Given the material below, return only the lines starting at the line with "Object #126 x,y" and ending at the line with "List Of Pin Codes Postal Code Of Delhi A B", exactly as they appear.

## Extracted information
**********

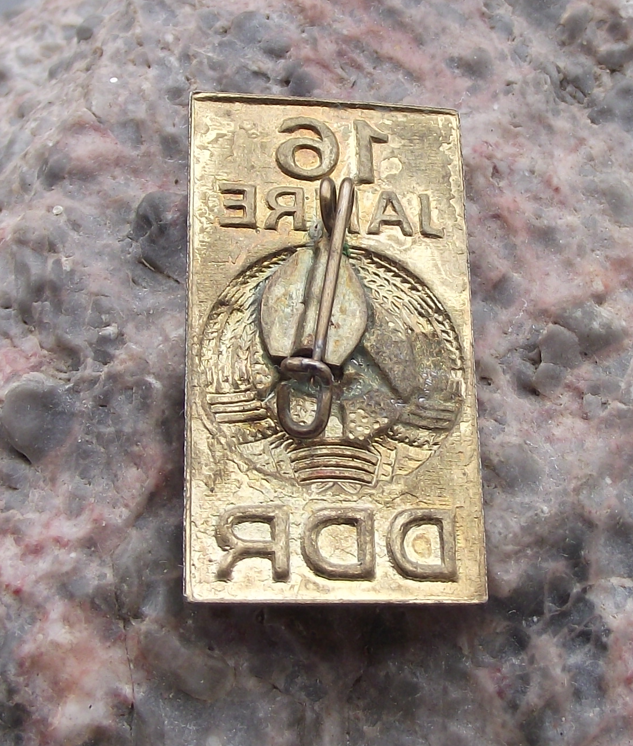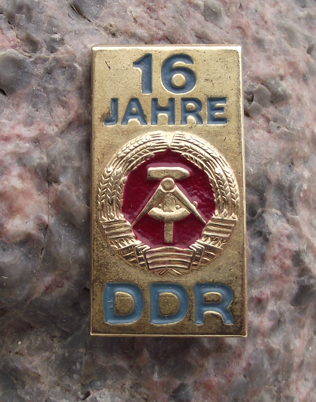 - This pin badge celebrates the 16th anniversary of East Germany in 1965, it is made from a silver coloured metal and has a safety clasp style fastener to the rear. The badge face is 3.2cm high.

**********

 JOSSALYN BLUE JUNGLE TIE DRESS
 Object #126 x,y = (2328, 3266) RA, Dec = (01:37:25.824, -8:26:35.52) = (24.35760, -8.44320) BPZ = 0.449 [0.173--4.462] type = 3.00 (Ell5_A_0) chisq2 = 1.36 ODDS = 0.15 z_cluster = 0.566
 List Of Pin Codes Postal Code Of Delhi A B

**********

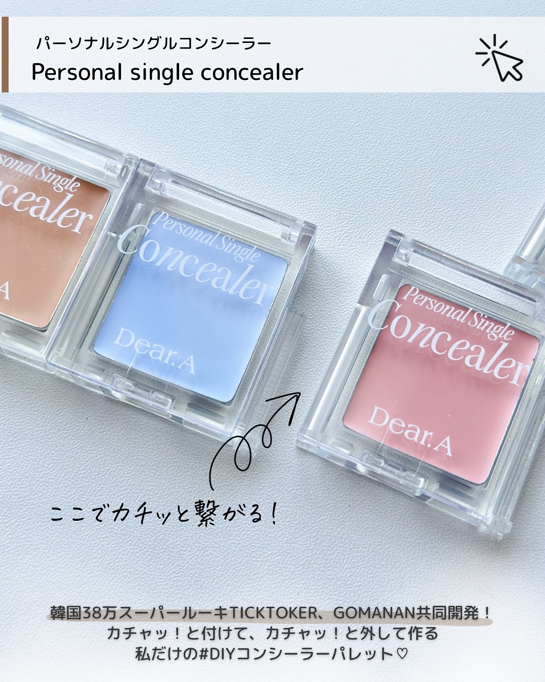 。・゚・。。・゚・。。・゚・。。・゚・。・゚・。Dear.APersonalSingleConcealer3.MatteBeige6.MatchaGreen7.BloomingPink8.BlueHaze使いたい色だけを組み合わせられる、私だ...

**********

## Solved problem
 Object #126 x,y = (2328, 3266) RA, Dec = (01:37:25.824, -8:26:35.52) = (24.35760, -8.44320) BPZ = 0.449 [0.173--4.462] type = 3.00 (Ell5_A_0) chisq2 = 1.36 ODDS = 0.15 z_cluster = 0.566
 List Of Pin Codes Postal Code Of Delhi A B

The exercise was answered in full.